The Armed (often iconized as ⋈) are an American anonymous hardcore punk collective formed in Detroit, Michigan in 2009. They often feature guests including instrumentalists on their releases. These include Chris Pennie, Nick Yacyshyn, Ben Koller, and Urian Hackney. Converge guitarist Kurt Ballou has been involved in the recording and production of all their releases.

History

Formation and These Are Lights (2009) 
Most of the members of The Armed previously played in another band, Slicer Dicer, which, according to Tony Wolski, became The Armed.

The Armed released their debut album These Are Lights, mixed by Kurt Ballou, for free in 2009. Wolski explained the album's free release in an interview with Thrash Hits: "Wanting people to actually hear the music made us give it away for free. We’ve all played in other bands for a while now, and whether it is good or not, it is undeniable that for the most part young people do not place the same sense of monetary value on recordings as they once did. People can argue about the ethics, but that is the fact. So you might as well try to adapt to that and control the situation on your own terms. Why let someone posting a horribly compressed torrent of your material dictate what most people are going to hear? Releasing it on our own allowed us to exercise some level of quality control. Also, we’re able to reach a lot further this way…for example, I doubt you guys would’ve heard our album if we were just shelling out half a dozen CDs at shows back in the States. And people actually hearing this stuff is by far the most important goal."

EPs (2010–2013) 
The Armed released their first EP Common Enemies, which featured a guest performance by Chris Pennie, on 16 July 2010. The Armed released their second EP Young & Beautiful on 11 October 2011. The EP was mixed by Ballou and featured a guest performance by Pennie. The Armed released their third EP Spreading Joy on 11 December 2012; Pennie performed on all the songs on the EP. The Armed released a split EP with Tharsis They on 17 December 2013.

Untitled (2015–2016) 
The Armed released their second album Untitled on 23 June 2015. The Armed went to "great lengths" to disguise who worked on what aspect of the new record with the exception of guest drummer Nick Yacyshyn and engineer Kurt Ballou.

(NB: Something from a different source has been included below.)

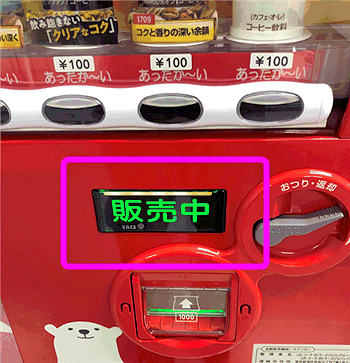 支払方法を選択します。現金で購入したい場合は、このままお金を投入してジュースを購入してください。
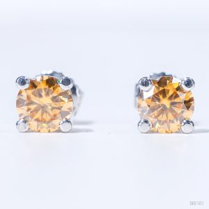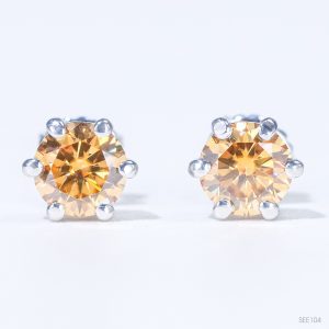 Bông tai 6 chấu chốt ren ổ 5,0mm Bạc S925 xi kim Chủ Mois Round Champange không tấm see104.s1.m3.k

The Armed released their first live album Unanticipated on released 16 June 2016.

Only Love (2018–2020) 
On 27 April 2018 The Armed released Only Love, with Ben Koller providing drums. Koller explained in an interview with Modern Drummer that he was only sort of familiar with the band and knew they were "mysterious and total weirdos." Koller was informed by Ballou that the band was recording a new album and would love for Koller to track drums for it. Koller has said the request was short notice, and that the recording would take place right in the middle of tracking drums for a new Converge album, which seemed "[like it would be] pretty stressful." However, Koller heard that Rob Trujillo would be playing bass on the album, which was "the selling point" to him. In fact, Trujillo was never involved in any capacity with the album. Koller was also told by fellow Converge bandmate and Only Love's producer Kurt Ballou that the demos he was sent for this album were Converge songs, spurring him to learn them. Koller went on to say "...essentially, I was conned into playing on this album. I was so taken aback by these weird tactics that I just went with it."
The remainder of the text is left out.